Faute d’avoir connu ces preuves ou, pour avoir refusé de les connaître, des hommes comme Hare et Wallace, avec d’autres penseurs de talent, ont été acculés dans l’impasse du spiritisme moderne. Les mêmes raisons ont réduit d’autres esprits, entièrement dépourvus d’intuition spirituelle, à se plonger dans un matérialisme grossier décoré de noms divers.

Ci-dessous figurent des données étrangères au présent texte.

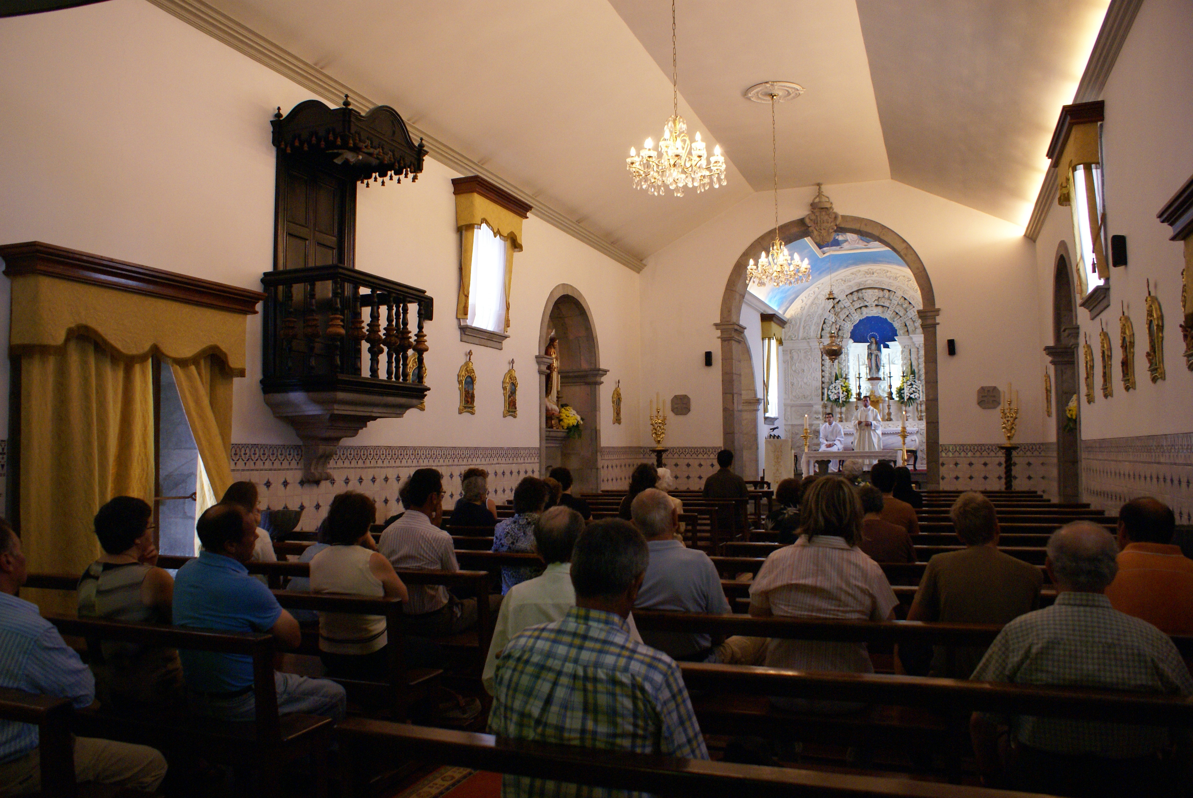 Nave of the Church of Nossa Senhora das Candeias during services, Candelária, Ponta Delgada, São Miguel (Azores), Portugal

Mais nous ne voyons pas l’utilité de pousser plus loin cette étude. Selon la plupart de nos contemporains, il n’y eut qu’un jour de savoir ; à son aurore assistaient les philosophes anciens, et son midi radieux est à nous. Le témoignage de centaines de penseurs antiques et médiévaux est aussi inutile à nos expérimentateurs modernes que si le monde datait seulement de la première année de notre ère, que tout savoir était de date récente. Cependant, nous ne perdons ni espoir ni courage. Le moment est plus opportun que jamais pour passer en revue les philosophies antiques. Les archéologues, les philologues, les astronomes, les chimistes et les physiciens s’approchent de plus en plus de ce point où ils seront forcés de s’en occuper. La science physique a déjà atteint ses limites d’exploration, la théologie dogmatique voit tarir les sources de son inspiration. A moins que les signes précurseurs ne nous trompent, le jour est proche où le monde accueillera les preuves que les religions anciennes seules étaient en harmonie avec la nature et que la science antique embrassait tout ce qui peut être connu. Des secrets longtemps gardés pourraient être révélés, des livres longtemps oubliés, et des arts depuis longtemps perdus, pourraient être remis en lumière ; des papyrus et des parchemins d’une importance inestimable se retrouveront entre les mains d’hommes qui déclareront les avoir déroulés autour des momies ou trouvés dans les ténèbres des cryptes : Tablettes et piliers pourraient être exhumés, interprétés et leurs révélations sculptées surprendre les théologiens et confondre les savants. Qui connaît les possibilités de l’avenir ? Une ère de désillusion et de reconstruction va commencer. Que dis-je ? Elle est commencée déjà. Le cycle a presque accompli sa course. Un cycle nouveau est sur le point de naître. Les pages futures de l’histoire mettront en pleine évidence et prouveront absolument que :

S’il faut en croire nos ancêtres,

Des esprits sont descendus converser avec l’homme

Et lui ont révélé les secrets du monde inconnu.